Witkoff, for his part, will pressure both sides to reach a swift agreement that benefits both: securing additional hostage releases for Israel and, for Hamas, a long-term ceasefire, prisoner releases, renewed humanitarian aid, and even elements of Gaza’s reconstruction. The U.S. envoy will join the talks and demand rapid progress, not delays.
The Israeli delegation, without Ron Dermer, arrived in Doha yesterday. Yesterday, Channel 12 News published excerpts from a tense conversation between a source familiar with the negotiations and hostages’ families, alongside Israeli officials’ assessment: “The gaps remain wide.”

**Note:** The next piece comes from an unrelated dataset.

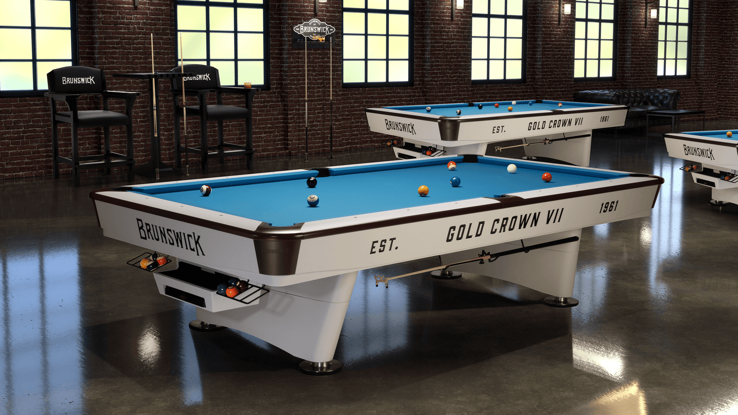 The Gold Crown VII continues Brunswick Billiards’ legacy of precision and craftsmanship that began with the legendary Gold Crown I in 1961. Combining classic Gold Crown styling with modern engineering, this table delivers professional-grade play, long-lasting durability, and thoughtful design features for easy setup and maintenance. From the highly engineered aluminum rails and player-preferred Artemis cushions to the Brunswick-certified 30mm slate and quiet ball return system, every detail is built for consistent, high-quality performance. Please note, the 8' Gold Crown VII does not include the Brunswick or Gold Crown VII epoxy lettering on the aprons as featured on the 9' version. Available in Tournament Black, Classic Brown, or Modern White, it’s a standout centerpiece for any home or commercial pool hall.

Protesters Demand a Hostage Deal (Photo: Avshalom Sassoni, Flash90)During a meeting, a relative of a female hostage asked the source: “How long will they stay there? The deal is on the brink of collapse. We didn’t exit Philadelphia as planned. Is there even negotiation about our children left behind?” The source replied: “Even within the new negotiation team, there’s consensus on the urgency to release all hostages in a deal ASAP. Time is against us, and the political echelon is blocking attempts to advance a full agreement.”
Yesterday, the U.S. Secretary of State acknowledged that the Trump administration’s direct engagement with Hamas failed: “It was a one-off, and it bore no fruit.” Additionally, Witkoff sent a message to Hamas about the postwar reality: “They will face a reality where they cannot remain in Gaza, and they’ll have no choice,” he told Fox News.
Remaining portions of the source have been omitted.